In Reply: I appreciate the interest of Drs. Hawkins and Catalano in my paper and their suggestion for further reading. In turn, I would urge them to read Karl Popper's Conjectures and Refutations (1). The first chapter discusses the limitations of theories that have such broad explanatory power that they can explain nearly everything that happens in the fields to which they refer. Popper observes that it is easy to obtain empirical observations that verify one's theory but that a good scientific theory is one that has survived genuine tests aimed at refuting it.
I am not at all surprised that Drs. Hawkins and Catalano can point to data that verify their belief that their intervention program works. Recent evaluations of their Seattle Social Development Project (SSDP) do indeed indicate that the program has some positive effects. However, the preponderance of evidence reported in these studies shows no difference in criminal behavior and substance use between persons who received the intervention and those in the comparison group (2). I take this as refutation of the hypothesis that the SSDP has long-term effects on these behaviors. I would be interested to know what Drs. Hawkins and Catalano would count as a genuine critical test of their intervention—that is, exactly what empirical evidence would it take for them to give up the idea that the SSDP is effective?

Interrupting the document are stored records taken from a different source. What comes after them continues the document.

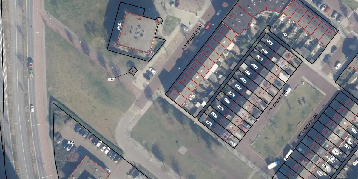 Het perceel waarop Kabelgaststraat 6 staat heeft een oppervlakte van 2551 m². Dit is een zeer groot perceel. De perceeloppervlakte wordt geregistreerd door het Kadaster. Gedetailleerde informatie over de maten van dit perceel kunt u vinden in het rapport Kadastrale kaart met maatvoering van Kabelgaststraat 6.
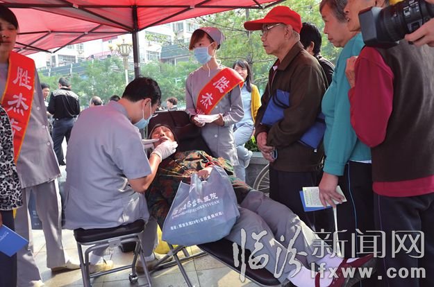 9月20日,临汾胜杰齿科医院在我市鼓楼广场设立了咨询检查台,为群众免费进行牙齿健康普查及爱牙知识宣传。此次活动使群众增强了口腔健康观念。图为医生在为群众检查时的情景。 记者 李娇 摄
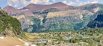 Akamina Ridge is composed of sedimentary rock laid down during the Precambrian to Jurassic periods. Formed in shallow seas, this sedimentary rock was pushed east and over the top of younger Cretaceous period rock during the Laramide orogeny.[5]
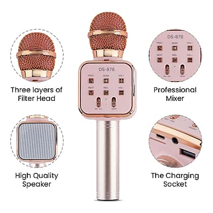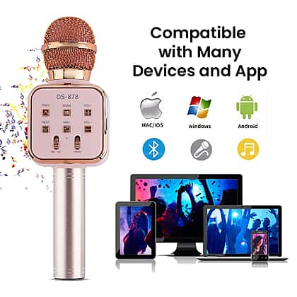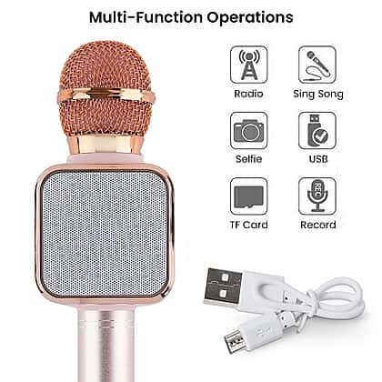 Multi-Function and Rechargeable Wireless Handheld Karaoke Bluetooth Microphone, Recording with a Mobile Phone, Selfie Function, and Radio Mode for Birthday Parties, Parties, Get-Together - Rose
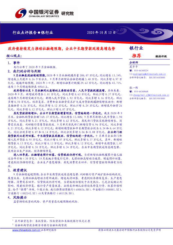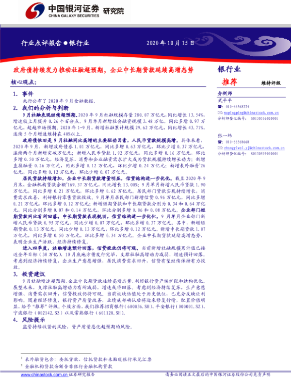 【银河证券】【20201015】政府债持续发力推动社融超预期,企业中长期贷款延续高增态势-5页
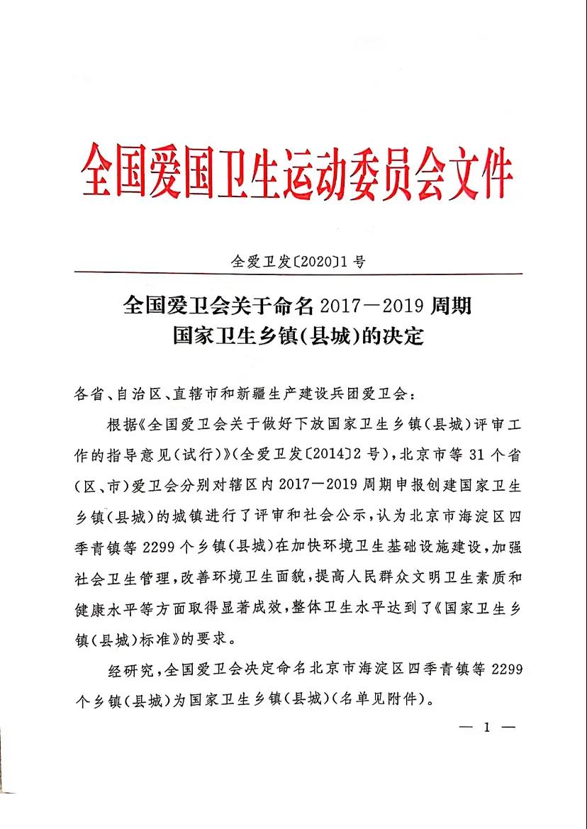 2017-2019 周期國家衛(wèi)生鄉(xiāng)鎮(zhèn)(縣城)
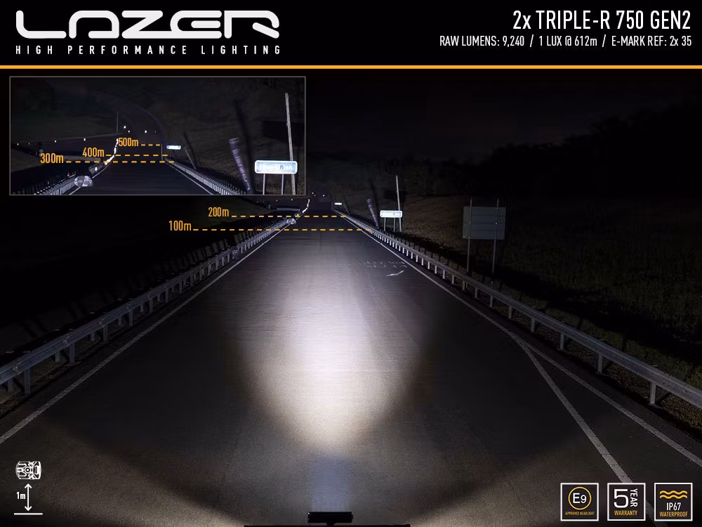 Lazer lämnar 5 års garanti på sina LED-ramper. Från materialval fram till produktion samt ett kraftfullt testprogram har dessa lampor byggts för att vara de tuffaste lamporna på marknaden med ett kraftigt aluminiumhus, polykarbonatlinser och IP-klass 67.
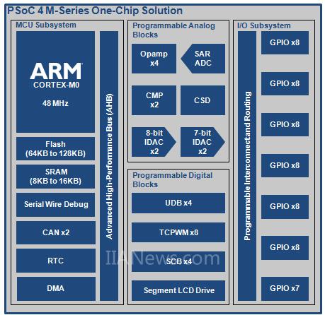 赛普拉斯推出PSoC® 4可编程片上系统架构中的一个新产品系列,拥有数量几乎翻倍的可编程模拟模块和可编程数字模块用于生成定制化的接口和模拟前端。
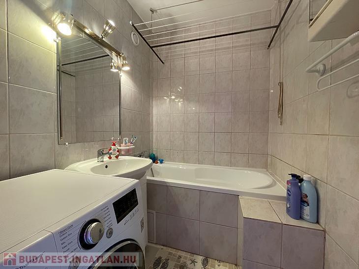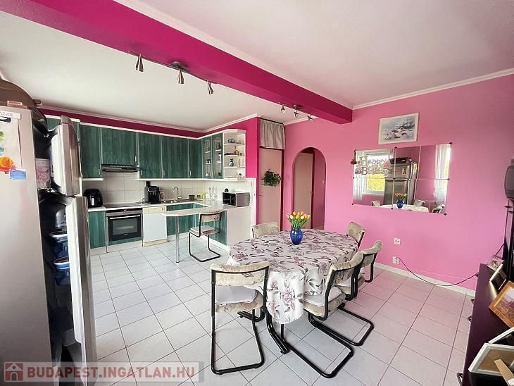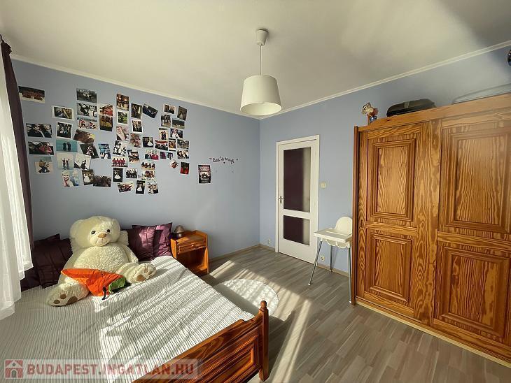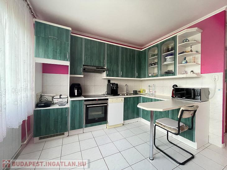 Káposztásmegyer I.-en, három emeletes cseréptetős társasház III. emeletén, 80nm-es, amerikai konyha + 2+1félszobás lakás eladó, két franciaerkéllyel. Az ingatlan közepes-jó állapotú, a nappali-konyha járólapos, a többi helyiség laminált parkettás. A nyílászárók műanyag thermo üvegesek, redőnyösek, részben szúnyoghálósok. A konyhabútort és a radiátorokat kicserélték, a fürdőszobát és a wc-t újra burkolták, új kádat szereltek be. A bejárati ajtó több ponton záródó biztonsági. A beépített bútorzat a vételár részét képezik. A környék ellátottsága kiváló, iskolák (Babits Mihály Gimnázium, Karinthy Frigyes Magyar- Angol Két Tanítási Nyelvű Általános Iskola), óvodák, sportolási lehetőségek (Jégpalota, Uszoda), számos bevásárlási lehetőségek elérhetőek. 14-es villamos és a 20E busz megállója pár perc sétára található, amellyel Újpest központ metrómegálló rövid időn belül elérhető! A hirdetésben szereplő adatok tájékoztató jellegűek!
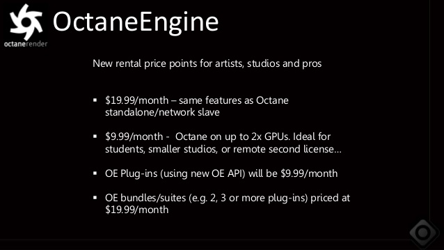 calus wrote:Yes plugin for 9.99/month also but not all plugins at the beginning, OE plug-in, they must be compatible with OctaneEngine tech.
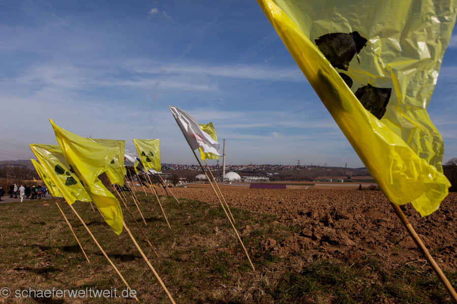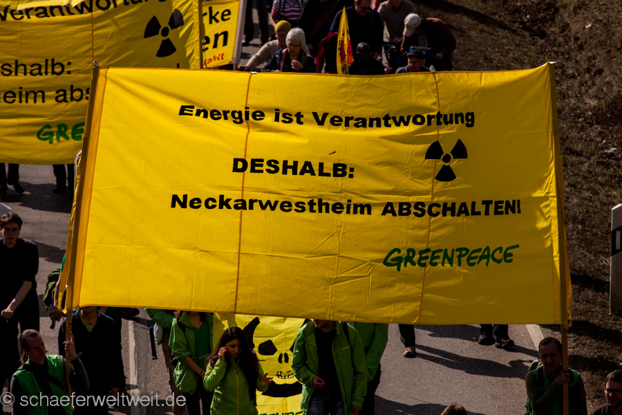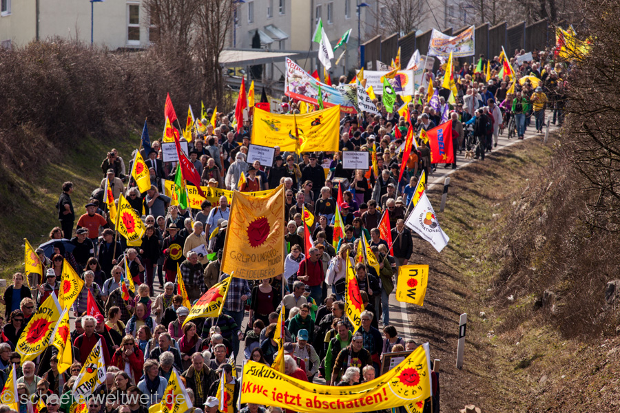 „Fukushima – keine Entwarnung!“ lautete das Motto der Demonstration am 08.03.2015 vom Bahnhof Kirchheim zum Atomkraftwerk Neckarwestheim. Vier Jahre nach dem atomaren Super-GAU in Fukushima demonstrierten tausende Menschen vor dem AKW für den sofortigen Atomausstieg, einen verantwortungsvollen Umgang mit dem Atommüll und die dynamische Fortführung der dezentralen Energiewende. Infos siehe Homepage endlich-abschalten.de

As for Drs. Hawkins and Catalano's contention that risky behaviors covary and have a common developmental path, empirical evidence certainly exists to support this view. However, there is also evidence that such behaviors cluster into more than a single underlying factor. Indeed, Drs. Hawkins and Catalano conclude one of their own investigations in this area by stating that "the results of this study suggest that the 'common factor' thesis in which different types of problem behaviors are hypothesized to reflect a single underlying proneness to deviance does not hold for preadolescent youths" (3). Like many other researchers, I would argue that the population of "at risk" youths is composed of various subgroups, among these being "generalists" and "specialists." If this is the case, it would help explain why universal interventions that assume a homogeneous target population with a common causal pathway have such limited effects.